Following the "0 start deployment of large data virtualization" series of tutorials, the spirit of "know it, but also know why" principle, this series into the large data virtualization inside, divided into two posts to help readers understand vsphere Big data Extensions (hereinafter referred to as BDE) the deployment architecture and system architecture, understand the deployment principle and internal composition, as well as their respective roles. Hope to help you, but also welcome your message evaluation.
On: Serengeti Virtualization applications
Under: Serengeti Management Server System architecture (that is, this article)
Serengeti the system architecture of the Management Server
The Serengeti Management Server includes several important modules: the Serengeti Web Service,ironfan Service,chef server,package repository and Vhadoop Runtime Manager. Here is a brief description of the functions of each module.
Serengeti the system architecture diagram of the Management Server
Serengeti Web Service
The Serengeti Web Service is a Serengeti workflow control center that provides external RESTAPI that external clients can access through the rest API to all Serengeti-provided functionality.
This is a web Service running on Tomcat, which uses a variety of features provided by Springframework, including workflow control with the spring batch, and spring security guarantees user safety, Spring MVC provides the rest API and the integrated hibernate for internal data management.

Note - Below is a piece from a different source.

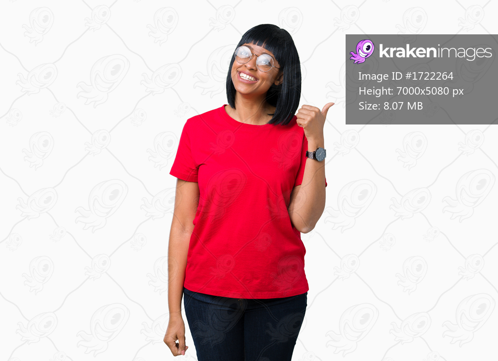 Beautiful young african american woman wearing glasses over isolated background smiling with happy face looking and pointing to the side with thumb up. - Kraken Images
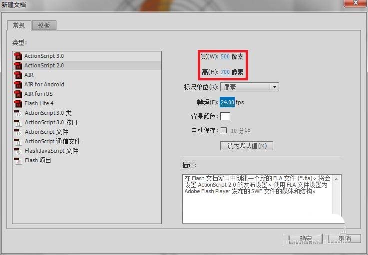1、新建文檔,寬高為:500*700像素,振頻率為:24fps,其他默認。

The WEB service integrates the registration and management of vcenter extension at the same time. After the Serengeti deployment is complete, register as an vcenter extension server. Responsible for VC communication, VC session management, Virtual machine creation, configuration and management.
In Web service, an important function is the virtual machine's distribution calculation (Machine placement).
Under a virtualized environment, the user requests are usually the number of node to create, the available resources, such as those hosts (host), those storage (datastore) can be used. Then under these requirements, we face a problem abstract, that is, on the N host, create M VM, each VM's hard disk, the network has certain requirements.
Under this proposition, Serengeti has developed some general distributed algorithms to meet the special requirements of Hadoop for resource usage. For example, typical applications are distributed evenly above the available host. This ensures that the nodes of Hadoop are not distributed on the same host, providing a basis for the reliability of the data.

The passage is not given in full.